Various brands, too, have been around for decades. “There always have been markings going back as far as Nicky Barnes,” said James J. Hunt, the acting head of the Drug Enforcement Administration’s New York office. “Now the difference is that the addicts you see a lot are young suburban kids starting on prescription drugs, and they graduate to heroin.”
The trade has become more organized, officials said, from the top to the bottom. Delivery services abound for those who can afford a dealer who arrives at the door with a grab bag of drugs. Highly organized mills have been found in middle-class city areas like Riverdale, in the Bronx, and Fort Lee, N.J., or, in one case, in a Midtown Manhattan apartment near the Lincoln Tunnel. Such locations draw less scrutiny from potential robbers, and often provide ready access to major roads for deliveries up and down the Eastern corridor.
“It’s like somebody setting up a big production factory in China and the product is going to go out through to the world,” Ms. Brennan said. “That’s how I look at these production mills that we’re seeing in New York. Some will stay here in the city, but it’s mostly intended for distribution.” (A $6 bag in the city could fetch as much as $30 or $40 in parts of New England, authorities have said.)
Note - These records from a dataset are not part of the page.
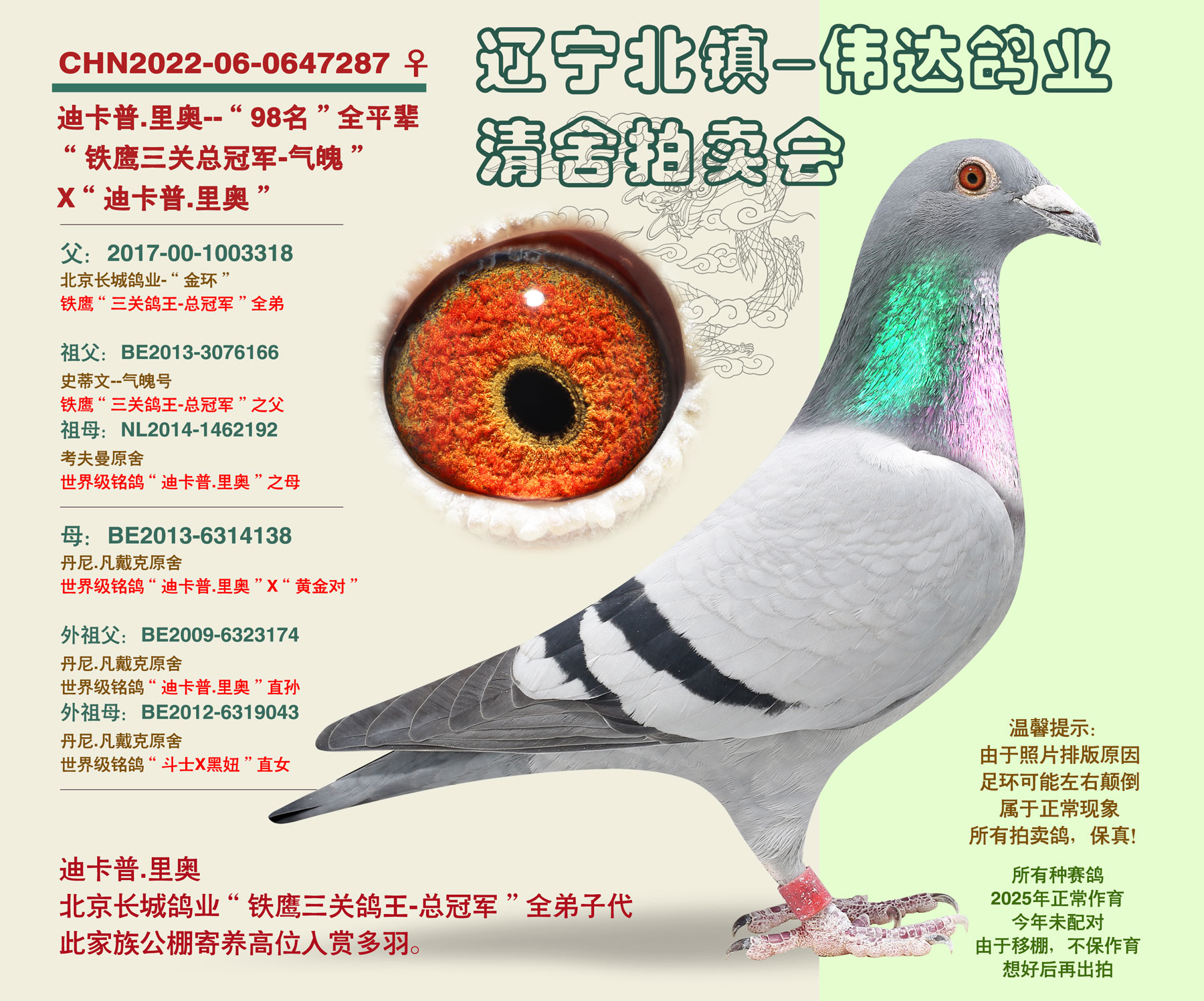 北镇伟达鸽业,鸽主由于家庭原因,全棚清舍拍卖,一羽不留,全部在中信网平台,公平竞拍,鸽主入赏率极高,仅公棚一年内获奖37羽,顶尖血统,高辈分实战种鸽,家族式发挥,此次拍卖含金量极高,希望大家珍惜!!!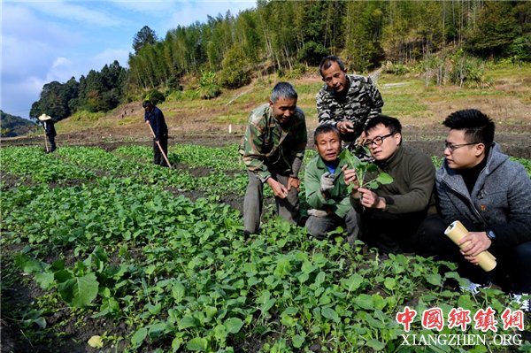 11月23日,福建南平市农技员江鑫(右二)与纪委下派驻村干部陈瑞辉(右一)在延平区南山镇前村指导贫困农民种植油菜,增加冬季收入。新华社记者 张国俊 摄
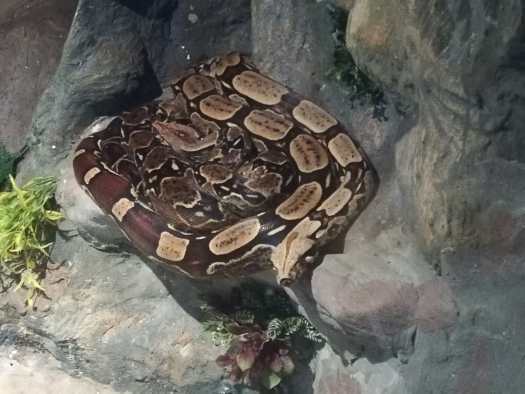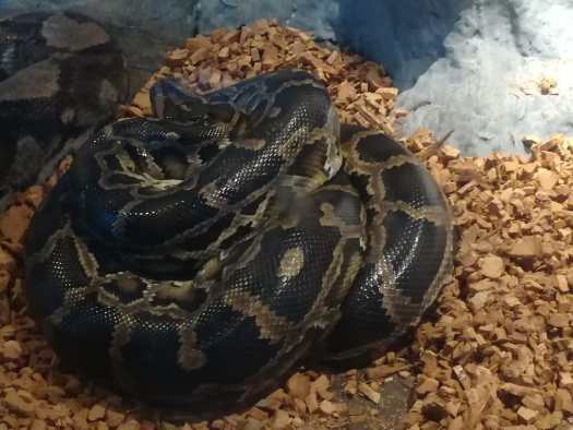 Foto 14: Een Malayopython reticulatus, een lid van de Python- familie. ‘Niet giftig’ volgens het bordje, maar vervelend kan zo’n wurgslang van 10 meter lengte wel worden, dus toch fijn dat er stevig glas tussen hem en mij zat.
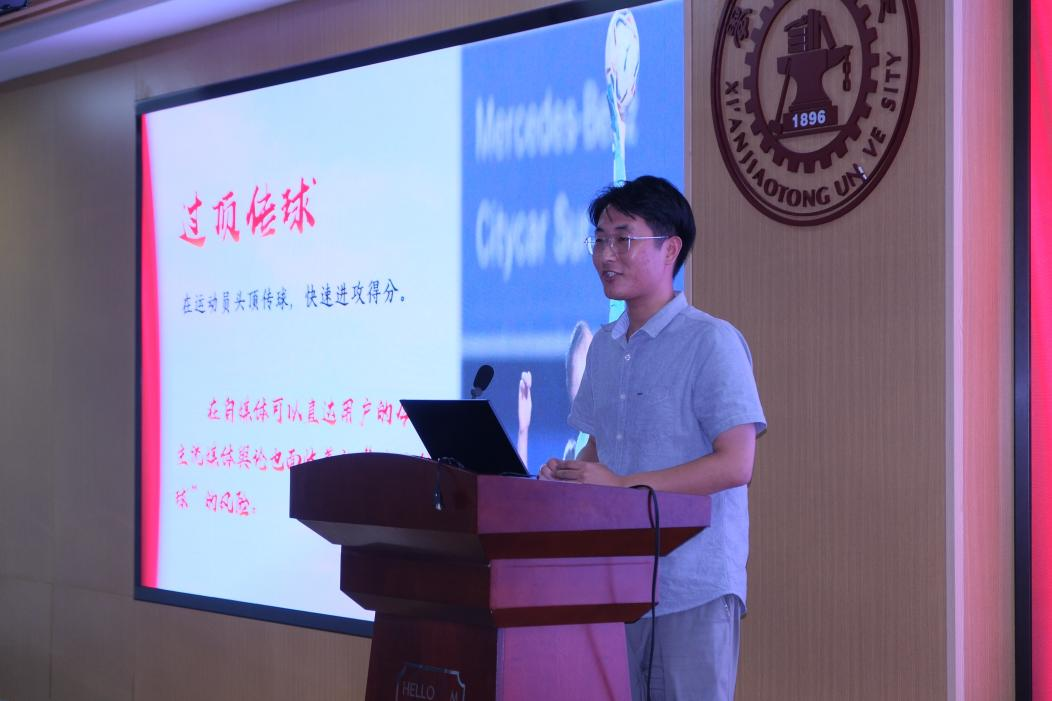 讲座中场,来自学生微宣讲团的张宇航同学以“从青年化阐释看文化安全”为主题进行宣讲。他将“过顶传球”的概念与舆论相联系,生动地阐述了自媒体时代对文化安全的思考。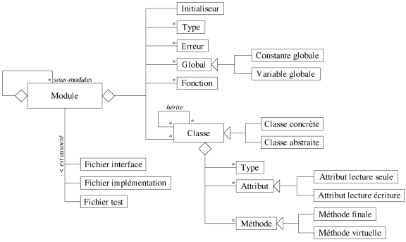 Cela dépend du langage et des concepts employés, mais aussi des outils utilisés pour générer la documentation qui ont tendance à favoriser une certaine vision. Pour notre bibliothèque, nous avons choisi une représentation qui reflète notre organisation en modules des composants. Nous proposons ici un schéma UML simplifié qui résume dans les grandes lignes cette organisation. La figure 8.11 indique qu'un module est composé de trois fichiers sources: l'interface, l'implémentation et la procédure de test. Un module peut être décomposé en sous-modules. Chaque module contient des objets globaux (variables ou constants), des fonctions, des types, des erreurs (objets représentant les informations des erreurs que le module est susceptible de produire) et des classes. Chaque module contient également un initialiseur, objet chargé de gérer la création (avant la première utilisation du module) et la destruction (après la dernière utilisation du module) de ses objets globaux (nous revenons à la section suivante sur son utilité). Notre représentation ne met pas en avant la hiérarchie d'héritage comme la plupart des générateurs de documentation. La raison en est très simple: nous employons principalement les patrons et la composition à la place de l'héritage, contrairement à beaucoup de développements orientés objet.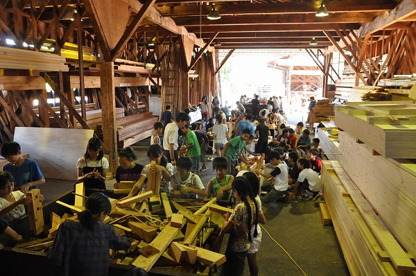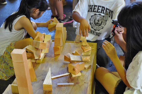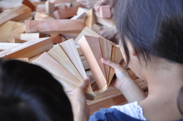 山積みになった端材を前に、子供たちは目を輝かせながら、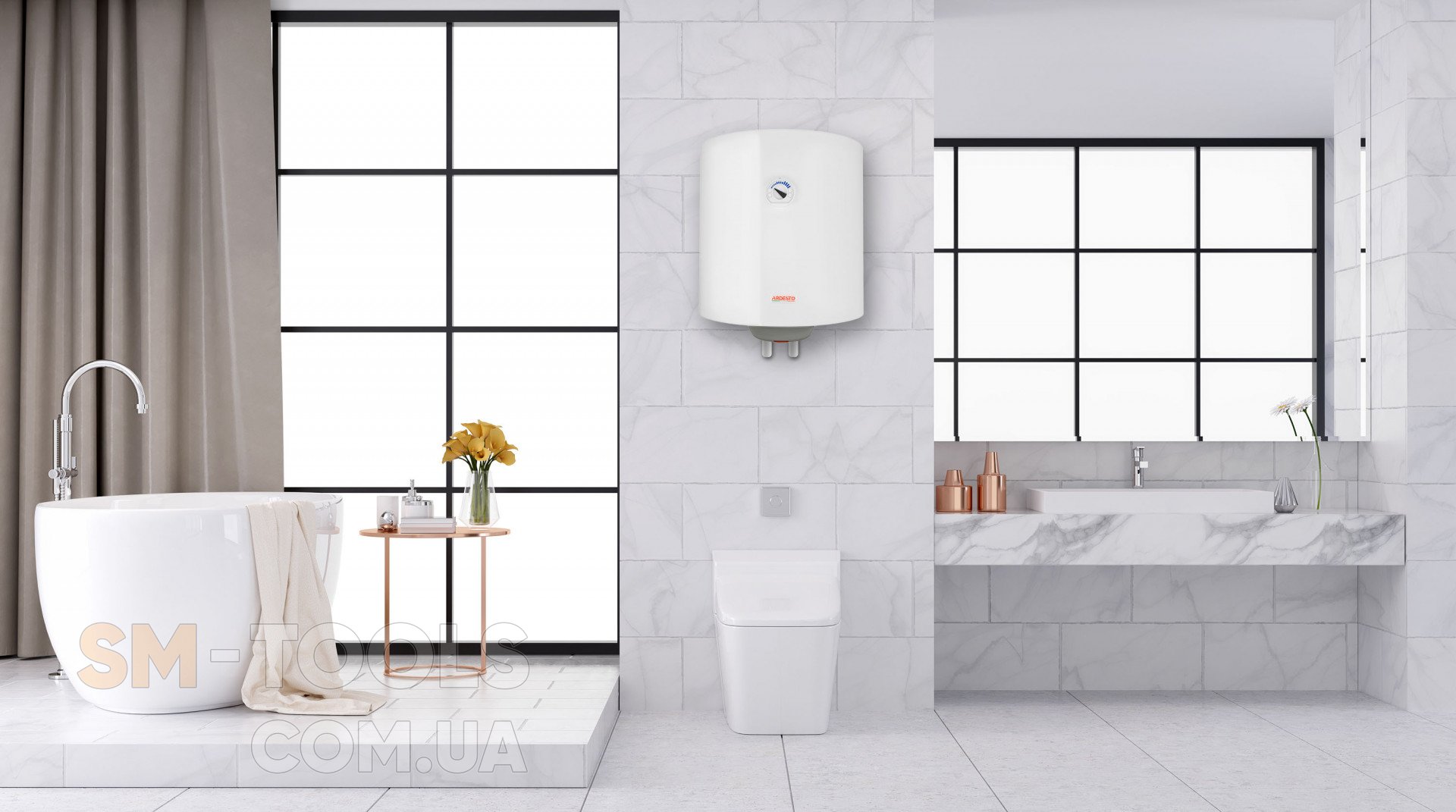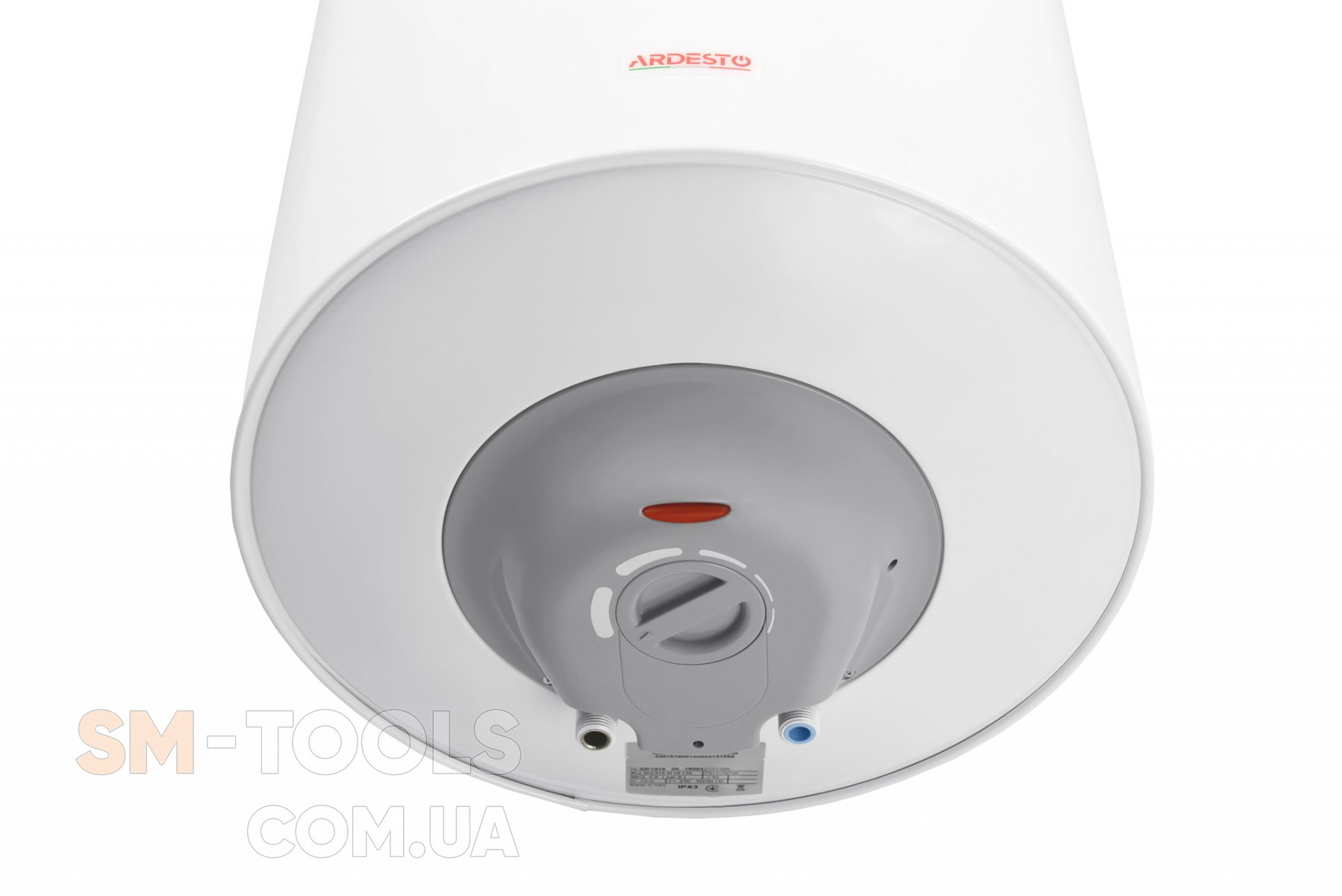 Бойлер Ardesto EWH-50ACWMI выполнен в круглом форм-факторе. Он монтируется в вертикальном положении. Механическая панель управления расположена снаружи, в нижней части, а индикатор нагрева — на лицевой панели водонагревателя.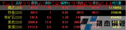 期鋼震蕩調(diào)整,主力螺紋收4713漲15漲幅0.32%,鐵礦742漲9.5,焦炭3008漲17,熱卷4815漲1,滬指3555.06跌幅0.09%

Bags bearing different stamps, like Twilight, turn up in raids around the city. Drug Enforcement Agency
Some officials fear that efforts to drive down abuse of prescription medications could be contributing to rising heroin use in New York City, as it has in places like Maine.
“What we’re seeing, as pills become more difficult to access, is a shift to the black market and heroin,” said Dr. Andrew Kolodny, the chief medical officer at the Phoenix House Foundation, a drug-treatment center, and president of Physicians for Responsible Opioid Prescribing. “It’s not easy to get the opioid genie back into the bottle.”
It is a cycle that friends of Mr. Hoffman, who was 46, said may have recently taken hold in his life as well.
Last year, he checked into a rehabilitation program for about 10 days, a move that came after a reliance on prescription pills led to a return to heroin, after what he said had been a clean period spanning two decades.
The Police Department on Monday said detectives were working to track down the origin of the substances Mr. Hoffman used, though a police official conceded it could be difficult to determine. “Just because it’s a name brand doesn’t mean that anyone has an exclusive on that name,” the official said. “Ace of Spades; I would venture to say that someone else has used that name.”
The ace of hearts logo has appeared in at least one case in the city, the police said.
The Drug Enforcement Administration said it had seen “Ace of Spades” branding in a 2009 drug case on Long Island. It has been seen in photographs of heroin packages at least as far back as 2005.
Investigators will also test the paraphernalia found near Mr. Hoffman, as well as the syringe found in his left arm, to determine whether the mixture he consumed had been adulterated in any way, the official said. Results from those tests were expected sooner than the toxicology tests by the city medical examiner.
For law enforcement officials, Mr. Hoffman’s death was a stark reminder of the dangers inherent in a highly addictive drug that ravaged urban communities in the 1970s.
“People who study drug trends talk about generational amnesia,” said Ms. Brennan, the special narcotics prosecutor. “We’re now 40 years out from our last major heroin epidemic and I think people have lost their memory of that drug’s devastation.”
Indeed, she said, some of the most common heroin brands suggest as much: Grim Reaper; a skull and crossbones; D.O.A.